== Task ==
With the pictures omitted, repeat exactly the lines below starting with the line that has "仍不断有网友在社交平台上分享" and going on through the line that has "水塘旁的木栈道通往一个绣楼".

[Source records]
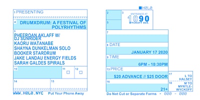 FULL LINE-UP:SARAH GALDES SPIRALSJAKE LANDAU ENERGY FIELDSBOOKER STARDRUMSHAYNA DUNKELMANKAORU WATANABEPHEEROAN AKLAFF W/ DJ SUNRIDER
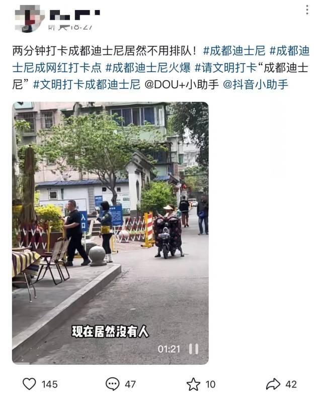 仍不断有网友在社交平台上分享自己的打卡经验,甚至有人惊讶表示,打卡成都“迪士尼”不用排队,只要2分钟。
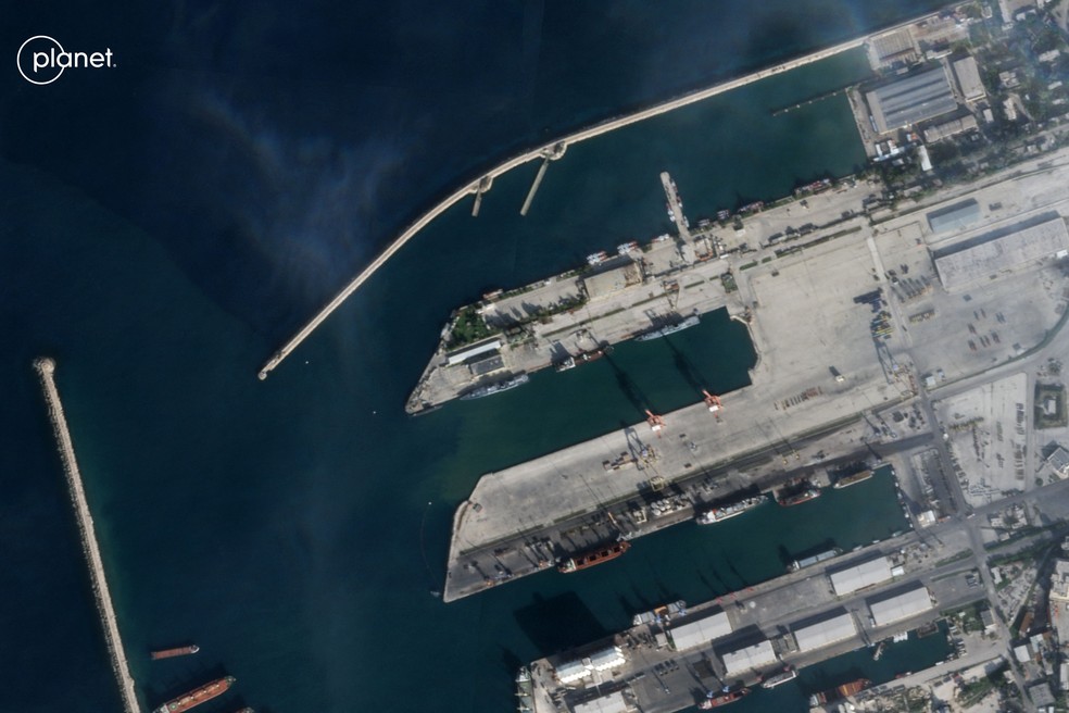 Imagem de satélite da base naval de Tartus,na Síria — Foto: AFP PHOTO / PLANET LABS PBC
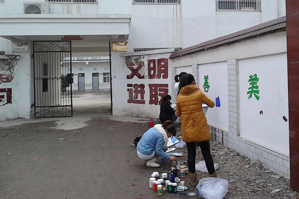 一幅幅精美的画面,一份份真挚的感情,志愿者们用自己的爱心为韩圩小学的小朋友们送去了十二份手绘墙报。由于学校的基础设施差,距离市区远,缺少美术老师,在韩圩小学的校园里,围墙壁面上,没有孩子们喜欢的卡通壁画。为了帮孩子们解决这个问题,从去年的一月份到年初,志愿者们前后奔赴肥西县三次,共为孩子们完成了12面主题分别为真、善、美、仁、谦、勤、爱、礼、孝、诚、信、义的墙面壁画。为了能圆满完成任务,志愿者们也下足了功夫。由于大多数人都不擅长美术,缺少材料,大家不仅在图书馆及网上找了大量的素材,还邀请了动漫学院的“外援”支持。
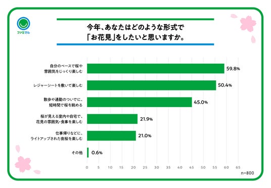 希望するお花見の形式について聞いたところ、「自分のペースで桜や雰囲気をじっくり楽しむ」(59.8%)と回答した人が多く、「散歩や通勤のついでに、短時間で桜を眺める」(45.0%)など自分のペースで楽しみながら、散歩・通勤ついでのお花見を求める傾向が分かりました。一方で、「レジャーシートを敷いて楽しむ」(50.4%)といったピクニックのようなお花見も引き続き人気となっていることが分かります。
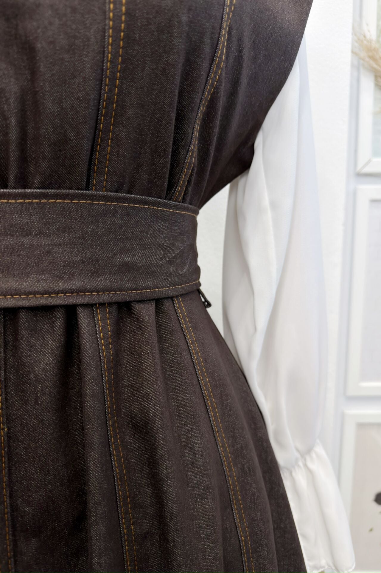 Acı Kahve Dikiş Detaylı Penny Kot Jile
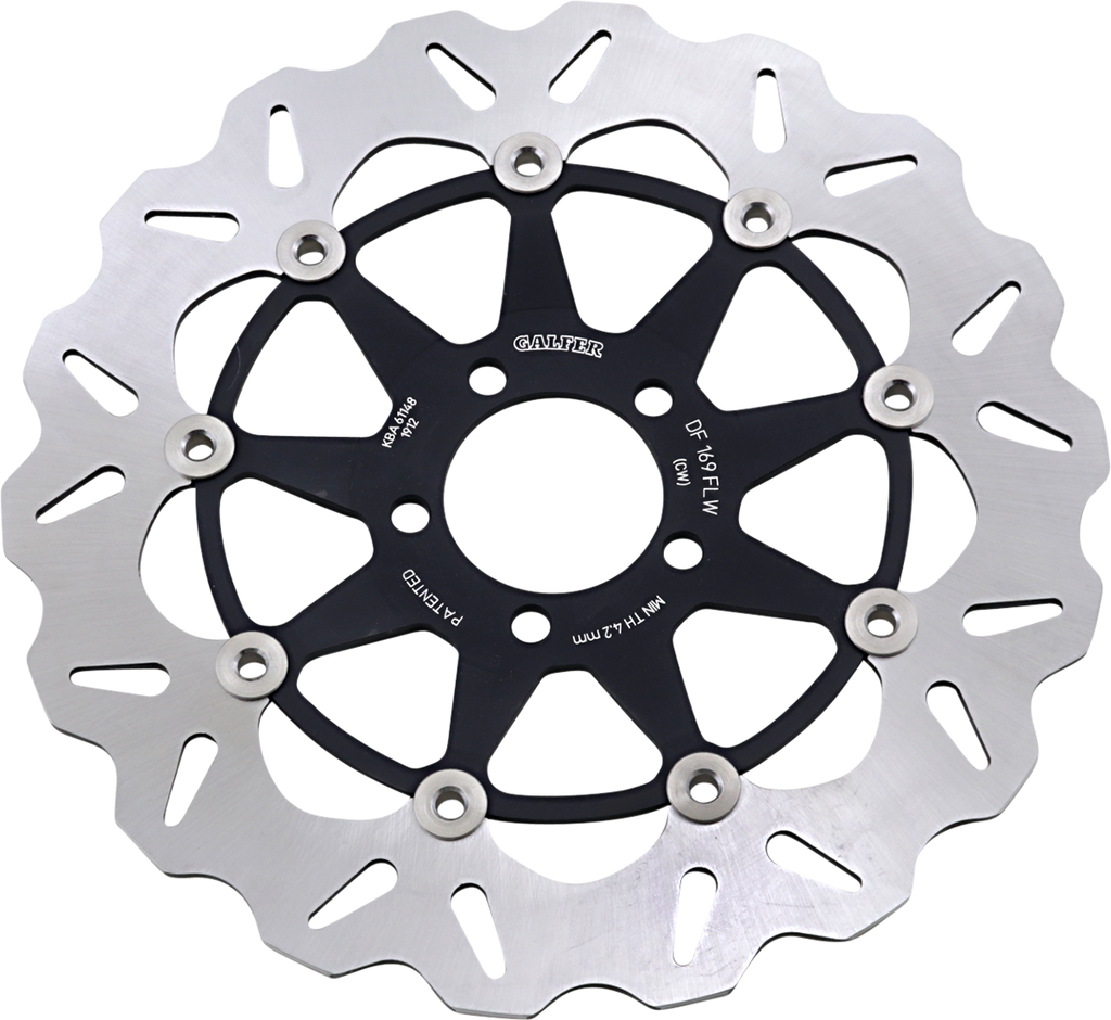 Laser-cut double disc ground 420 high carbon stainless steel, Direct-replacement brake rotors; do not require any extra parts, bolt on just like a stock brake disc, Full-floating design rotors have an aluminum center carrier, Improves brake lever feel and modulation, Rotors cool as they rotate to lower brake operating temperatures, Design is self-cleaning, removes water as it rotates, Less tendency to warp, Manufactured in Spain, For maximum braking performance and rotor longevity, Galfer recommends using Galfer brake pads with Galfer rotors.
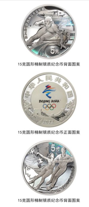该套纪念币正面图案均为第24届冬季奥林匹克运动会会徽,衬以长城、雪花等组合设计,并刊国名、年号。
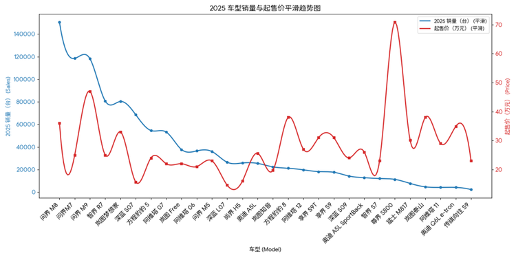 我们将「销量」和「价格」均加入到参考维度中,生成两条曲线,可以见到,「华系车」的主力销售区间是 20~30 万元价位段(拟合度更高的部分),该价位段中的车型合共贡献的销量超过 50 万台。
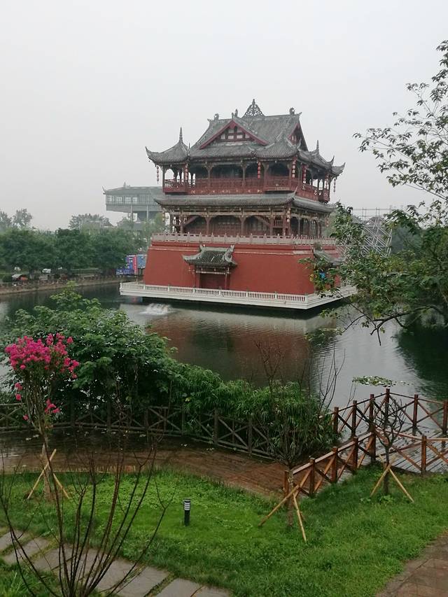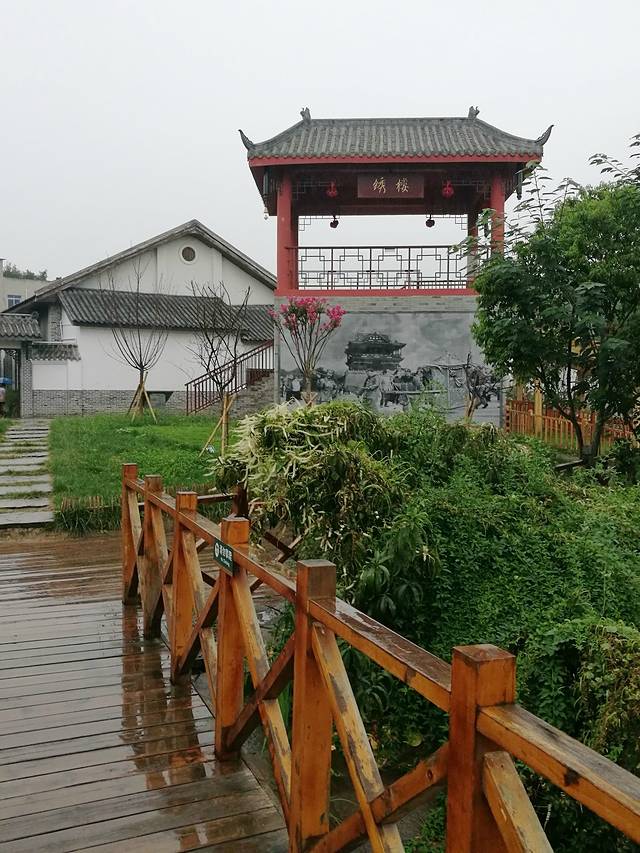 水塘旁的木栈道通往一个绣楼
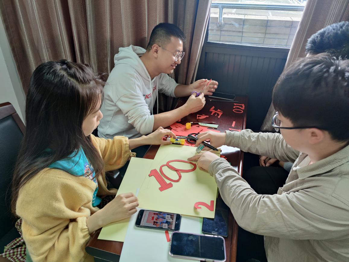 活动伊始,研究生党总支书记郭翠翠老师向参加活动的党员同志们介绍了此次活动的目的和意义,并提到党员们在学习红色精神、传承红色基因、勇担时代责任的同时,要加强党员之间的互动交流合作,形成合力,树立集体意识。接着,郭老师以及工作人员为大家分发绘画材料工具,活动以小组形式开展,每个小组由三到五个人自由组合,党员同志们以红色历史故事为背景,自由发挥,进行手绘创作。活动进行过程中党员同志们热情高涨,大家集思广益,有的在用彩笔进行色彩填充,有的在展示自己笔酣墨饱的书法,有的则在手工制作五角星。党员同志们的每一笔红色都表达了对党和国家的拳拳赤子之心,都印记着对党的红色祝福。绘画完成后,大家纷纷展示了自己的绘制作品,有北京天安门、有中国地图、有党旗飘飘,也有“岁月逢春花遍地,人民有党志登天”这样的佳句,虽风格不一,图案色彩也各有特点,但都体现了对国家、对党的美好祝福。最后大家互相交流收获心得,并一起合照留念。

== Your response ==
 仍不断有网友在社交平台上分享自己的打卡经验,甚至有人惊讶表示,打卡成都“迪士尼”不用排队,只要2分钟。
 Imagem de satélite da base naval de Tartus,na Síria — Foto: AFP PHOTO / PLANET LABS PBC
 一幅幅精美的画面,一份份真挚的感情,志愿者们用自己的爱心为韩圩小学的小朋友们送去了十二份手绘墙报。由于学校的基础设施差,距离市区远,缺少美术老师,在韩圩小学的校园里,围墙壁面上,没有孩子们喜欢的卡通壁画。为了帮孩子们解决这个问题,从去年的一月份到年初,志愿者们前后奔赴肥西县三次,共为孩子们完成了12面主题分别为真、善、美、仁、谦、勤、爱、礼、孝、诚、信、义的墙面壁画。为了能圆满完成任务,志愿者们也下足了功夫。由于大多数人都不擅长美术,缺少材料,大家不仅在图书馆及网上找了大量的素材,还邀请了动漫学院的“外援”支持。
 希望するお花見の形式について聞いたところ、「自分のペースで桜や雰囲気をじっくり楽しむ」(59.8%)と回答した人が多く、「散歩や通勤のついでに、短時間で桜を眺める」(45.0%)など自分のペースで楽しみながら、散歩・通勤ついでのお花見を求める傾向が分かりました。一方で、「レジャーシートを敷いて楽しむ」(50.4%)といったピクニックのようなお花見も引き続き人気となっていることが分かります。
 Acı Kahve Dikiş Detaylı Penny Kot Jile
 Laser-cut double disc ground 420 high carbon stainless steel, Direct-replacement brake rotors; do not require any extra parts, bolt on just like a stock brake disc, Full-floating design rotors have an aluminum center carrier, Improves brake lever feel and modulation, Rotors cool as they rotate to lower brake operating temperatures, Design is self-cleaning, removes water as it rotates, Less tendency to warp, Manufactured in Spain, For maximum braking performance and rotor longevity, Galfer recommends using Galfer brake pads with Galfer rotors.
该套纪念币正面图案均为第24届冬季奥林匹克运动会会徽,衬以长城、雪花等组合设计,并刊国名、年号。
 我们将「销量」和「价格」均加入到参考维度中,生成两条曲线,可以见到,「华系车」的主力销售区间是 20~30 万元价位段(拟合度更高的部分),该价位段中的车型合共贡献的销量超过 50 万台。
 水塘旁的木栈道通往一个绣楼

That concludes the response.